╭─ Records for this exercise

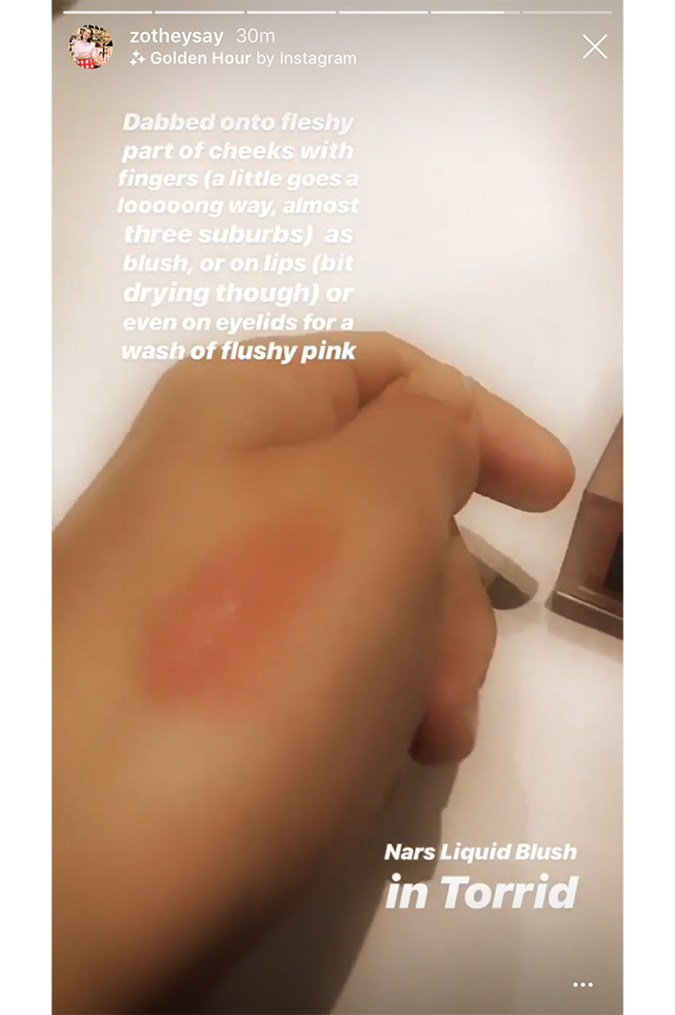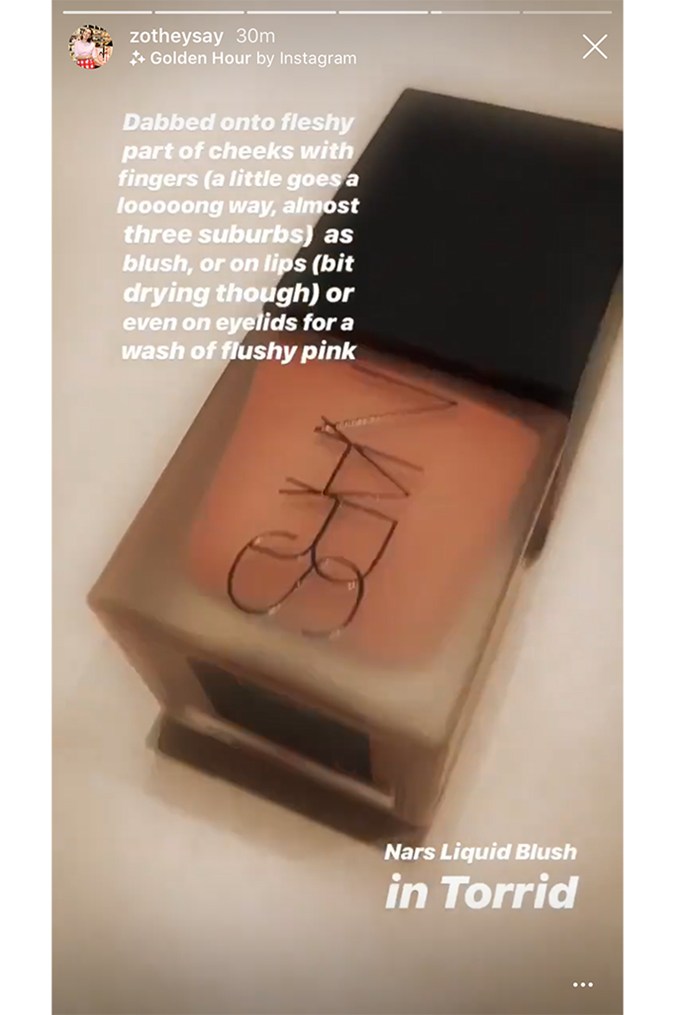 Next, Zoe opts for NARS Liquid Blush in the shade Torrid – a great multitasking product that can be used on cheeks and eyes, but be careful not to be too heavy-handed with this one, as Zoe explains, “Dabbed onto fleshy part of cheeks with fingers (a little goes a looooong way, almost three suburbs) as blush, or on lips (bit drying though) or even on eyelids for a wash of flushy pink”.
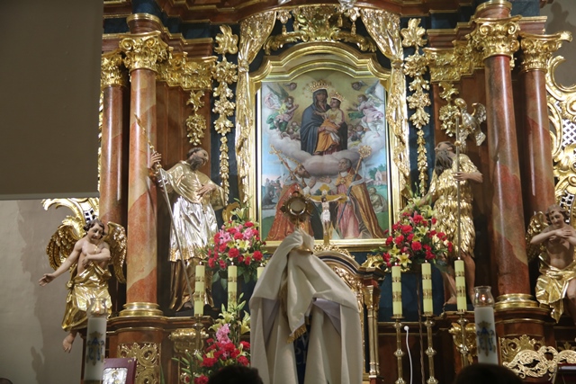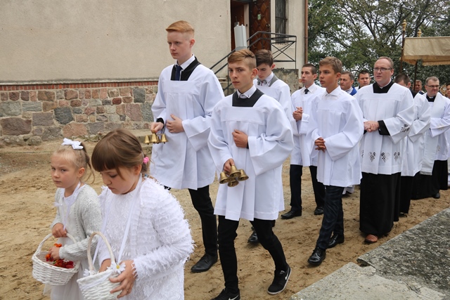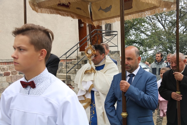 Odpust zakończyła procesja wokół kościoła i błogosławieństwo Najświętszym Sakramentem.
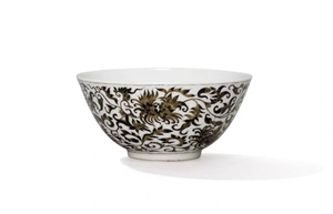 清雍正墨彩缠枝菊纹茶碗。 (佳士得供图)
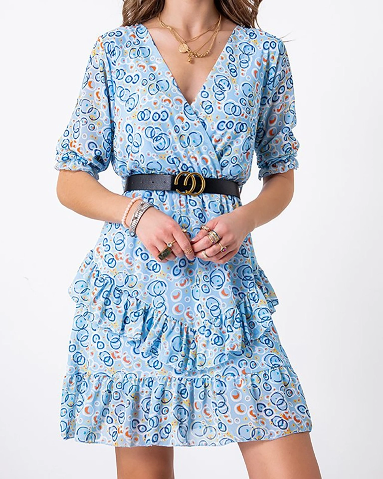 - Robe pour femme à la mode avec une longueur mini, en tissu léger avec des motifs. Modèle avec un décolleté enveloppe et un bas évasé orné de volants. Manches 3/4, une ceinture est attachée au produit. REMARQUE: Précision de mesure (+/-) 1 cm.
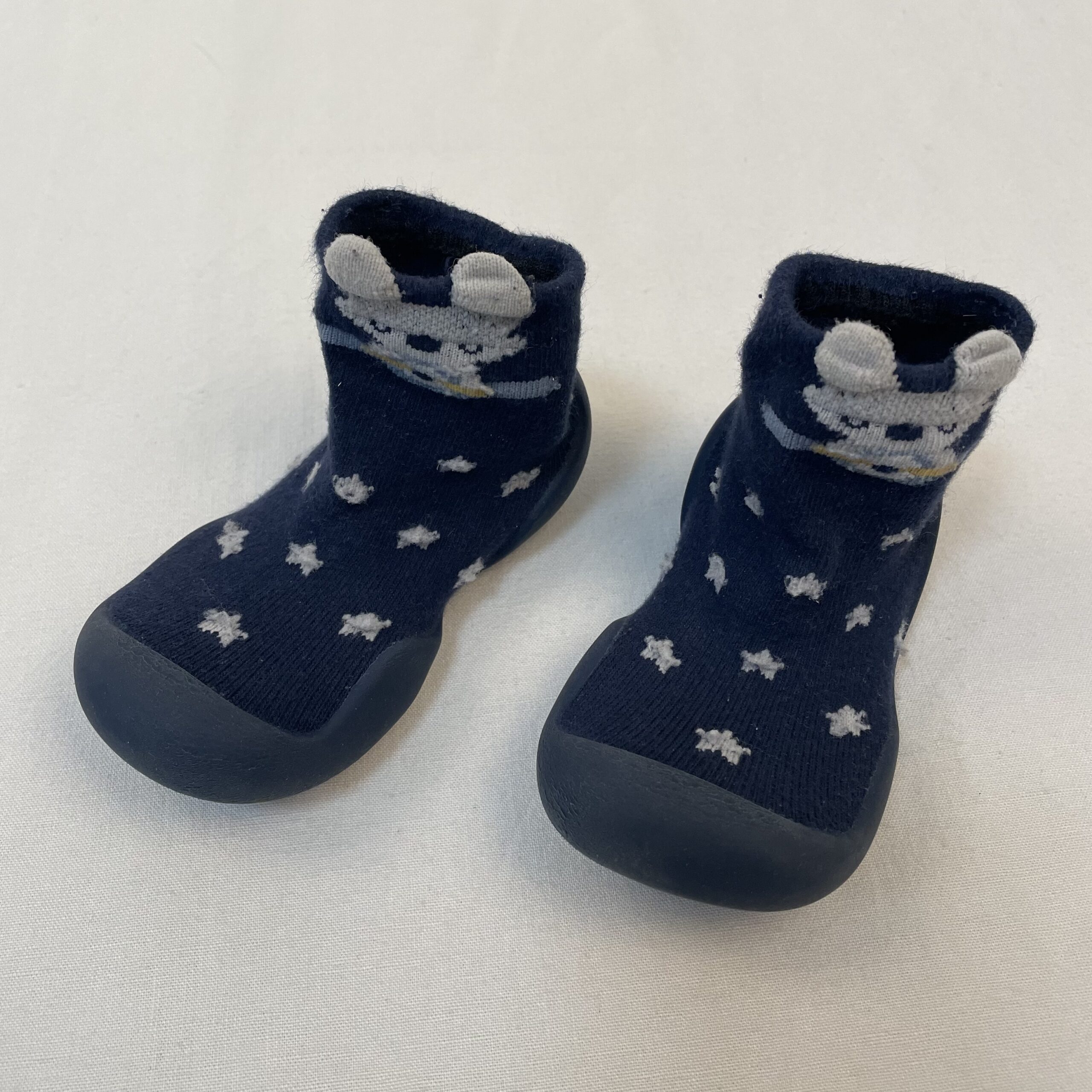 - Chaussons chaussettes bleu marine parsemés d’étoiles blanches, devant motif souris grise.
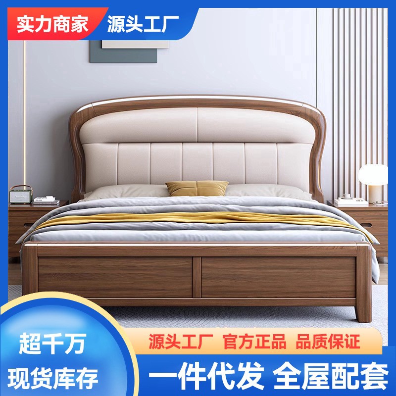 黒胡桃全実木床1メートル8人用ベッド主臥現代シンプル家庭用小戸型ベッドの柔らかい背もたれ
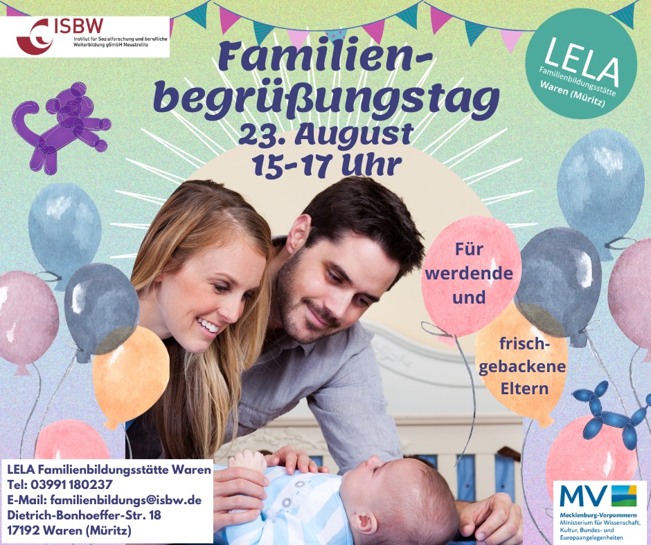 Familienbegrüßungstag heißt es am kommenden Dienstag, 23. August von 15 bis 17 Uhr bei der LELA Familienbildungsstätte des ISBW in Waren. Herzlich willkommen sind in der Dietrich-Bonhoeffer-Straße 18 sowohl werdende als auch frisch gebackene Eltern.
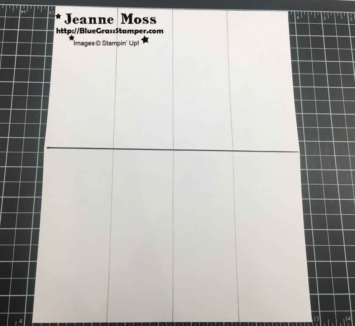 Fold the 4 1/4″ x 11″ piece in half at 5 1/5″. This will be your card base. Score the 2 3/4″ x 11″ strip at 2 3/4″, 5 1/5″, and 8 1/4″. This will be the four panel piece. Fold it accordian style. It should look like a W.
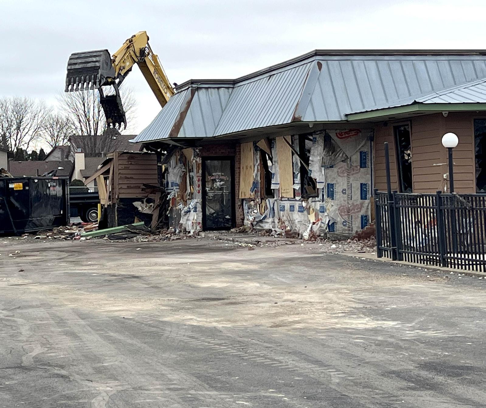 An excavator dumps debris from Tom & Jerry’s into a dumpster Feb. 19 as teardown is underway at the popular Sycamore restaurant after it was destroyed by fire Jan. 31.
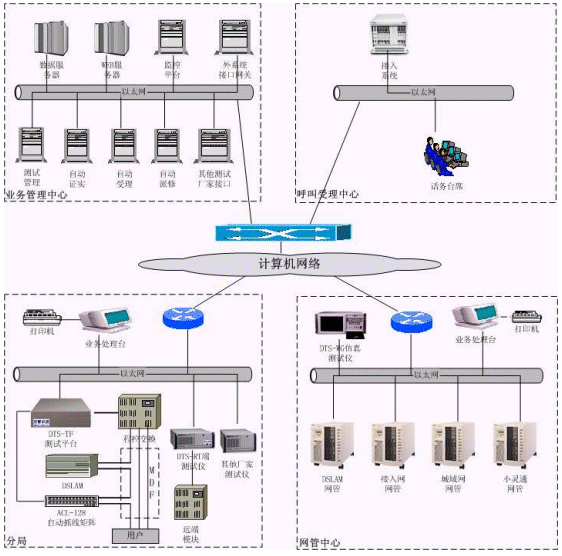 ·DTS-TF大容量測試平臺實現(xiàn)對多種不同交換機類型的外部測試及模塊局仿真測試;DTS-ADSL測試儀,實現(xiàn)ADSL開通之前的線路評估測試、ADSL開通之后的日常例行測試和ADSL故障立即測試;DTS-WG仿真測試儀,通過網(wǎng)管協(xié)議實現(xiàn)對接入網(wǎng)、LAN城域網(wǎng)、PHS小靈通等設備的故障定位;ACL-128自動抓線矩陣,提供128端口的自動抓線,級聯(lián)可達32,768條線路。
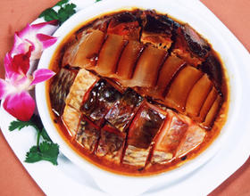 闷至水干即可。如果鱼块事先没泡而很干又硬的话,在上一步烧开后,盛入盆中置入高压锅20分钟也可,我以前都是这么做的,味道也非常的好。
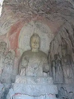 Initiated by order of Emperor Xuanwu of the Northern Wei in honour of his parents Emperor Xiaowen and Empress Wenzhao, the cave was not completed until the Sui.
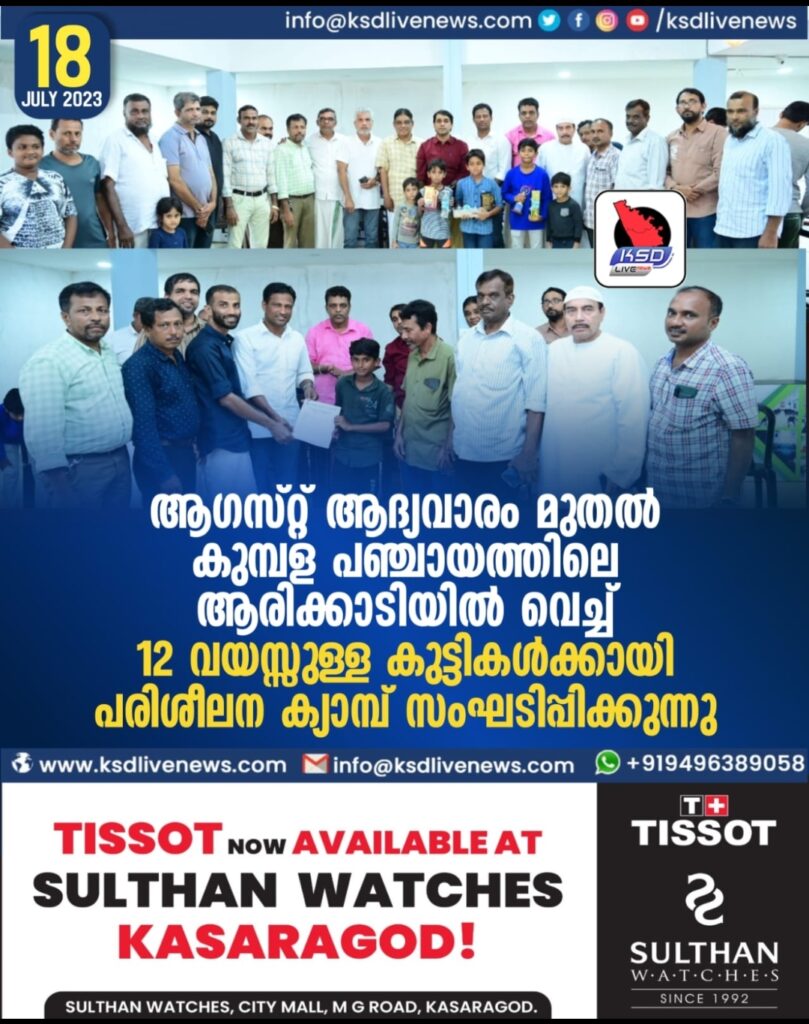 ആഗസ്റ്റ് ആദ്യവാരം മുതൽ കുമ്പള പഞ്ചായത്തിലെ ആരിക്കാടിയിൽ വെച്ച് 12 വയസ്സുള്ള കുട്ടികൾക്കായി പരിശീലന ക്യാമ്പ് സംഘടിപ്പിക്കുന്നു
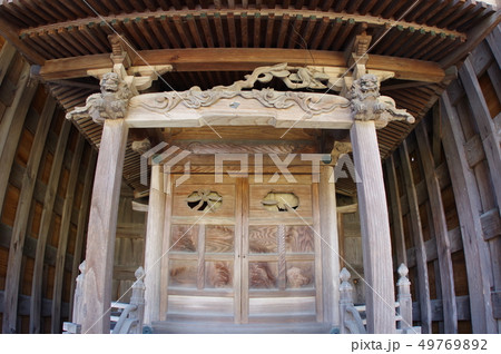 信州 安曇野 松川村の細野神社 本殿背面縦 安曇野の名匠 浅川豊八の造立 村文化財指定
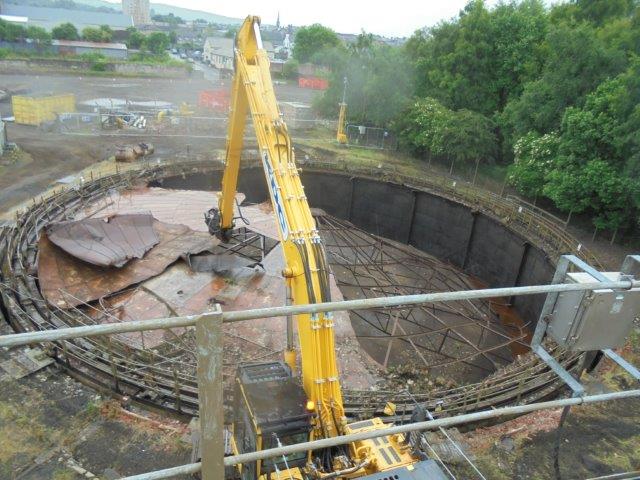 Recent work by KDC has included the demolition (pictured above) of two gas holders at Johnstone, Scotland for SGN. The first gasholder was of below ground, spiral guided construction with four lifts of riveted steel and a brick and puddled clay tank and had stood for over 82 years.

╰─

- [What to do]: Write every record out again exactly as written. Pictures don't belong in the copy.

- [Task solution]:
 Next, Zoe opts for NARS Liquid Blush in the shade Torrid – a great multitasking product that can be used on cheeks and eyes, but be careful not to be too heavy-handed with this one, as Zoe explains, “Dabbed onto fleshy part of cheeks with fingers (a little goes a looooong way, almost three suburbs) as blush, or on lips (bit drying though) or even on eyelids for a wash of flushy pink”.
 Odpust zakończyła procesja wokół kościoła i błogosławieństwo Najświętszym Sakramentem.
 清雍正墨彩缠枝菊纹茶碗。 (佳士得供图)
 - Robe pour femme à la mode avec une longueur mini, en tissu léger avec des motifs. Modèle avec un décolleté enveloppe et un bas évasé orné de volants. Manches 3/4, une ceinture est attachée au produit. REMARQUE: Précision de mesure (+/-) 1 cm.
 - Chaussons chaussettes bleu marine parsemés d’étoiles blanches, devant motif souris grise.
 黒胡桃全実木床1メートル8人用ベッド主臥現代シンプル家庭用小戸型ベッドの柔らかい背もたれ
 Familienbegrüßungstag heißt es am kommenden Dienstag, 23. August von 15 bis 17 Uhr bei der LELA Familienbildungsstätte des ISBW in Waren. Herzlich willkommen sind in der Dietrich-Bonhoeffer-Straße 18 sowohl werdende als auch frisch gebackene Eltern.
 Fold the 4 1/4″ x 11″ piece in half at 5 1/5″. This will be your card base. Score the 2 3/4″ x 11″ strip at 2 3/4″, 5 1/5″, and 8 1/4″. This will be the four panel piece. Fold it accordian style. It should look like a W.
 An excavator dumps debris from Tom & Jerry’s into a dumpster Feb. 19 as teardown is underway at the popular Sycamore restaurant after it was destroyed by fire Jan. 31.
 ·DTS-TF大容量測試平臺實現(xiàn)對多種不同交換機類型的外部測試及模塊局仿真測試;DTS-ADSL測試儀,實現(xiàn)ADSL開通之前的線路評估測試、ADSL開通之后的日常例行測試和ADSL故障立即測試;DTS-WG仿真測試儀,通過網(wǎng)管協(xié)議實現(xiàn)對接入網(wǎng)、LAN城域網(wǎng)、PHS小靈通等設備的故障定位;ACL-128自動抓線矩陣,提供128端口的自動抓線,級聯(lián)可達32,768條線路。
 闷至水干即可。如果鱼块事先没泡而很干又硬的话,在上一步烧开后,盛入盆中置入高压锅20分钟也可,我以前都是这么做的,味道也非常的好。
 Initiated by order of Emperor Xuanwu of the Northern Wei in honour of his parents Emperor Xiaowen and Empress Wenzhao, the cave was not completed until the Sui.
 ആഗസ്റ്റ് ആദ്യവാരം മുതൽ കുമ്പള പഞ്ചായത്തിലെ ആരിക്കാടിയിൽ വെച്ച് 12 വയസ്സുള്ള കുട്ടികൾക്കായി പരിശീലന ക്യാമ്പ് സംഘടിപ്പിക്കുന്നു
 信州 安曇野 松川村の細野神社 本殿背面縦 安曇野の名匠 浅川豊八の造立 村文化財指定
 Recent work by KDC has included the demolition (pictured above) of two gas holders at Johnstone, Scotland for SGN. The first gasholder was of below ground, spiral guided construction with four lifts of riveted steel and a brick and puddled clay tank and had stood for over 82 years.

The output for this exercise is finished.